■ Work required: Only the pictures are to be left out; return the rest of the data exactly as it stands.

■ Material provided:
===============

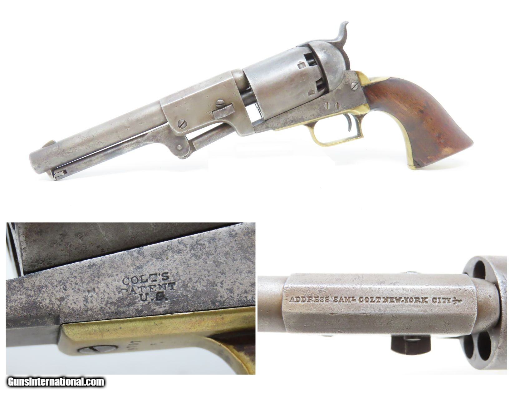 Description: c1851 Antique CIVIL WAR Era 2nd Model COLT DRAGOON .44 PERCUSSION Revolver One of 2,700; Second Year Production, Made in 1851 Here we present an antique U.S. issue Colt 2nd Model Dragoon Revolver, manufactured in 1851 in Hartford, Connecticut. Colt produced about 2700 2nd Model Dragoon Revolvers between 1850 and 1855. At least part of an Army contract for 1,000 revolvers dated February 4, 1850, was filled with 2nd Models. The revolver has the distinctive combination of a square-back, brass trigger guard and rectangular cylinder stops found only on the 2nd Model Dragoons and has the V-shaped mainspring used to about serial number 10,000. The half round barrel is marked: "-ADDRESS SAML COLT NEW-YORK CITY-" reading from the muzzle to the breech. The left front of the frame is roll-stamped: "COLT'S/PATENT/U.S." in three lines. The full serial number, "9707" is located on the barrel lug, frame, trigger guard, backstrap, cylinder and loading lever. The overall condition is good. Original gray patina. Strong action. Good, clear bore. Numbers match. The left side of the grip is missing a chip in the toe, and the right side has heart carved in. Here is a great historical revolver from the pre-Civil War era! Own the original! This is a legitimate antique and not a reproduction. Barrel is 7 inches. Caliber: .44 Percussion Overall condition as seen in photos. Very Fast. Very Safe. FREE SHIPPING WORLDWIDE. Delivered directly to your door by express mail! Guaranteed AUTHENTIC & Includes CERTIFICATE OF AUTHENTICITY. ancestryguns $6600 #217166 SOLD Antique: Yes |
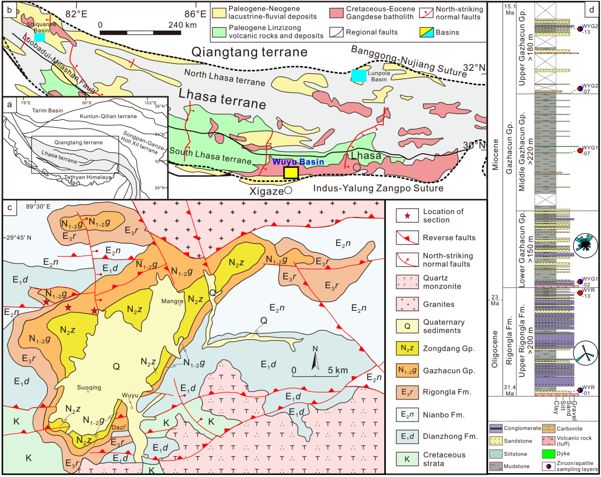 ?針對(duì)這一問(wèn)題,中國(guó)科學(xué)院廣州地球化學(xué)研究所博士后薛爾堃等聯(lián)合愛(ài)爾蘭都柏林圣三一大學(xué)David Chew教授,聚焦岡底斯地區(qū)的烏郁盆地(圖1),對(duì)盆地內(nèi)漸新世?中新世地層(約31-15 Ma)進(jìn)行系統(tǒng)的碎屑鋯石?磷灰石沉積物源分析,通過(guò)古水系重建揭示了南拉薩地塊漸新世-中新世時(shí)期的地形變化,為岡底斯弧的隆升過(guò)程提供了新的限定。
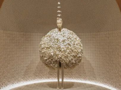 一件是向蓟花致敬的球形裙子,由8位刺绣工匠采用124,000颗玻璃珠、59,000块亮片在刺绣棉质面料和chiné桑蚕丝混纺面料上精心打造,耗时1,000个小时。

===============

■ Response to this exercise:
 Description: c1851 Antique CIVIL WAR Era 2nd Model COLT DRAGOON .44 PERCUSSION Revolver One of 2,700; Second Year Production, Made in 1851 Here we present an antique U.S. issue Colt 2nd Model Dragoon Revolver, manufactured in 1851 in Hartford, Connecticut. Colt produced about 2700 2nd Model Dragoon Revolvers between 1850 and 1855. At least part of an Army contract for 1,000 revolvers dated February 4, 1850, was filled with 2nd Models. The revolver has the distinctive combination of a square-back, brass trigger guard and rectangular cylinder stops found only on the 2nd Model Dragoons and has the V-shaped mainspring used to about serial number 10,000. The half round barrel is marked: "-ADDRESS SAML COLT NEW-YORK CITY-" reading from the muzzle to the breech. The left front of the frame is roll-stamped: "COLT'S/PATENT/U.S." in three lines. The full serial number, "9707" is located on the barrel lug, frame, trigger guard, backstrap, cylinder and loading lever. The overall condition is good. Original gray patina. Strong action. Good, clear bore. Numbers match. The left side of the grip is missing a chip in the toe, and the right side has heart carved in. Here is a great historical revolver from the pre-Civil War era! Own the original! This is a legitimate antique and not a reproduction. Barrel is 7 inches. Caliber: .44 Percussion Overall condition as seen in photos. Very Fast. Very Safe. FREE SHIPPING WORLDWIDE. Delivered directly to your door by express mail! Guaranteed AUTHENTIC & Includes CERTIFICATE OF AUTHENTICITY. ancestryguns $6600 #217166 SOLD Antique: Yes |
 ?針對(duì)這一問(wèn)題,中國(guó)科學(xué)院廣州地球化學(xué)研究所博士后薛爾堃等聯(lián)合愛(ài)爾蘭都柏林圣三一大學(xué)David Chew教授,聚焦岡底斯地區(qū)的烏郁盆地(圖1),對(duì)盆地內(nèi)漸新世?中新世地層(約31-15 Ma)進(jìn)行系統(tǒng)的碎屑鋯石?磷灰石沉積物源分析,通過(guò)古水系重建揭示了南拉薩地塊漸新世-中新世時(shí)期的地形變化,為岡底斯弧的隆升過(guò)程提供了新的限定。
 一件是向蓟花致敬的球形裙子,由8位刺绣工匠采用124,000颗玻璃珠、59,000块亮片在刺绣棉质面料和chiné桑蚕丝混纺面料上精心打造,耗时1,000个小时。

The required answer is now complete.